4 stories from Jeanne DeWitt Grosser (COO at Vercel, ex-Stripe) on how AI is reshaping Go-To-Market
1) How Stripe tried to automate customer discovery before AI was a thing
In 2017, Stripe decided to launch an outbound customer discovery function.
Normally you’d staff this with ~30 SDRs, but Stripe ran lean, and Jeanne was given 4 people.
To make up for the lack of hands, the team created Project Rosalind: a massive database of potential companies with attributes like business model, industry, needs, and org structure.
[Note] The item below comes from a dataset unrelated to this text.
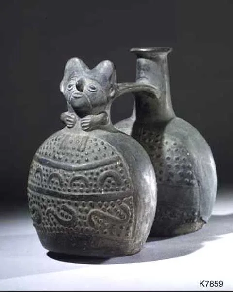 Double-bodied bridge-and-spout vessel with human figure

The ambition was big: generate personalized outreach emails as a “template with variables” where the system would plug in the right arguments, case studies, and value props based on the company type.
But without AI, the accuracy just wasn’t there. Real personalization wasn’t achievable. The idea was right, but the tech wasn’t ready yet.
Years later at Vercel, they did the same thing again, but this time with AI agents that actually worked.
2) How Vercel cut a team of 10 SDRs down to 1 with AI
At Vercel, Jeanne set a goal: train an agent to perform like the best SDR on inbound leads.
A GTM engineer took a simple but brilliant route: he fully replicated the best SDR’s workflow:
what they research
how they find data
how they decide a lead is “good”
how they craft the first message
Six weeks later, the agent did it all end-to-end:
analyzed the inbound lead
gathered company context
generated a personalized reply
suggested the next step
A human just hit “send.”
Result: one SDR does the work of ten. The rest were moved to outbound prospecting, where the human touch matters more.
Agent cost: about $1,000/year.
Cost of a 10-person SDR team: over $1M.
3) How sales at Vercel started running in sprints
Vercel ships product updates so frequently that sales can’t always keep up.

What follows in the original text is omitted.